Tuesday 20 March 2012

It's all about perception!

It's that time of the year again - the Spring Equinox. Days have been getting longer and sunnier, and while I celebrate by having lunch in the garden, others will be performing neopagan/druidic rites. Of course, exactly how and to what extent these modern rites can be traced back to prehistoric times is debatable to say the least, and ancient druids, being posterior by a long time to the monuments where modern ones carry out their rituals, played no role in their construction. However, collective memory, astronomy and ancient ritual aren't complete strangers. The significance of astronomical events with regards to Prehistoric cosmologies, world-views and architectures has long been the object of much scientific (and pseudo-scientific) debate. In this blog entry, I'd like to get thinking about old and new ritual, and changing perceptions. That is, my own changing perceptions as well as prehistoric/historic people's. I'll take Avebury as an example because I have a bit of material about it.

Because Spring makes me happy, I'll throw in a few awesomesauce pictures of sunsets/rises. Today's equinox is quite obviously a shameless excuse for me to post them, as they were in fact taken around the Winter solstice, so that if anyone's standing in the passages of Maes Howe or Newgrange waiting for the last rays of sun to illuminate their feet, they're in for a big disappointment-especially as it is now 20:54.

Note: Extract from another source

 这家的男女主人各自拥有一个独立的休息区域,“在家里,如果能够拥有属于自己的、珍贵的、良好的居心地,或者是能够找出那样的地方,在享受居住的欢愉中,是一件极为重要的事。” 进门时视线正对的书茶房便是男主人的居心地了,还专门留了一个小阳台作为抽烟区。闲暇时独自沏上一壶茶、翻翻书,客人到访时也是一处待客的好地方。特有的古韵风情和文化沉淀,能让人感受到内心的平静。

Morning sunlight coming through the roof-box above the door at Newgrange, Boyne Valley (Ireland). Picture: www.newgrange.com

Passage to the central chamber of Maes Howe (Orkney), illuminated.
Picture: www.maeswhowe.co.uk

Stonehenge, Wiltshire. Picture: www.philosophy.christopher-roberts.co.uk


Among other Neolithic sites, the Avebury monument complex - and in particular its remarkably large henge enclosure - was once thought to have been related to the practice of astronomy (a theory famously defended by Alexander Thom) or to rituals designed around the seasons- with more or less convincing evidence. However, while the architectures of the monuments pictured above are widely recognised as being tightly related to astronomical considerations, such a relationship seems more dubious in the case of Avebury, and the title of "observatory" has been discarded by most authors. The irregularity of the henge's circular shape, explained by Thom as the deliberate setting of the stones in precise positions calculated thanks to an impressive astronomical knowledge, is now explained in simpler (less exciting?) terms. Being the largest henge archaeologists know of - so vast that it now encloses part of the village of Avebury, the enclosure may simply have been trickier than others to make perfectly circular. Maybe more importantly, it seems reasonable to assume that what the builders wanted to achieve was the illusion of circularity rather than circularity itself. Which brings us to the theme of perception.

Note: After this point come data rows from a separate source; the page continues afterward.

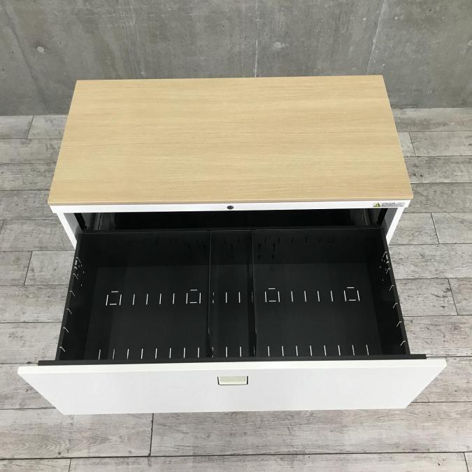 【天板付き】【窓下収納に!】中古市場数少ない2段引き出しタイプの書庫が入荷!/オススメ(おすすめ) /人気商品【弊社使用欄:】■オカムラ■レクトライン/ホワイト/シリンダー錠
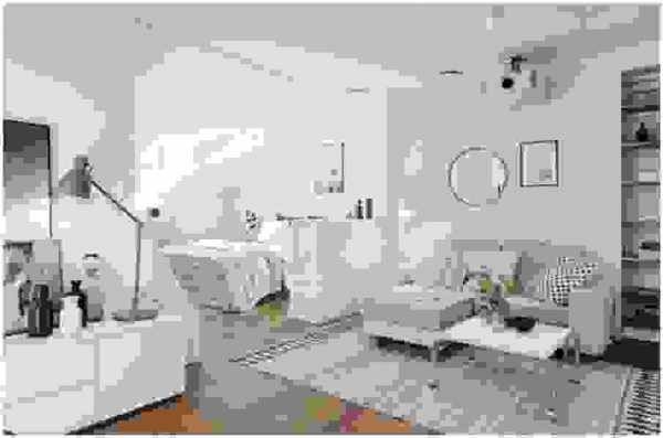Белый цвет зрительно увеличивает пространство.Ввиду отсутствия большого пространства, мебель предпочтительно выбрать или встроенную или раскладную. Как вариант, кровать может прятаться в нише стены и доставаться оттуда при необходимости.
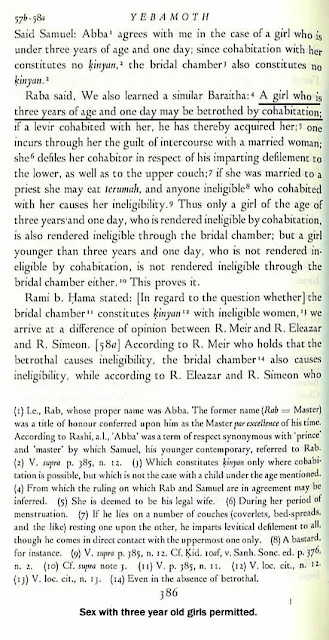 "Üç yaş bir günden daha küçük bir dönme kız ile bir rahibin evlenmesine izin verilir" diye ilan etti.*1 Ardından gelen Rabbiler, bağlayıcı Yahudi hukuku olan Halaka'ya pedofiliyi yazdılar.*2

 Restitution of the Avebury landscape by William Stukeley, 1743. Among others, the henge, the outer and inner stone circles, the Beckampton and West Kennet standing stone avenues, Silbury Hill, the Sanctuary on Overton Hill and Windmill Hill are represented here. A number of structures, such as the Cove and the Obelisk, are not visible.


Perception and experience are key to the understanding of ritual sites. Those who used them certainly did so with various degrees of understanding and shifting motivations, and the fact that they are still used by certain religious groups illustrate the constant reinvention and re-appropriation of both monuments and traditions, but who knows how rapidly and to what extent rites, beliefs and understandings changed in character and nature over the time of the Prehistoric use of the Avebury ritual landscape?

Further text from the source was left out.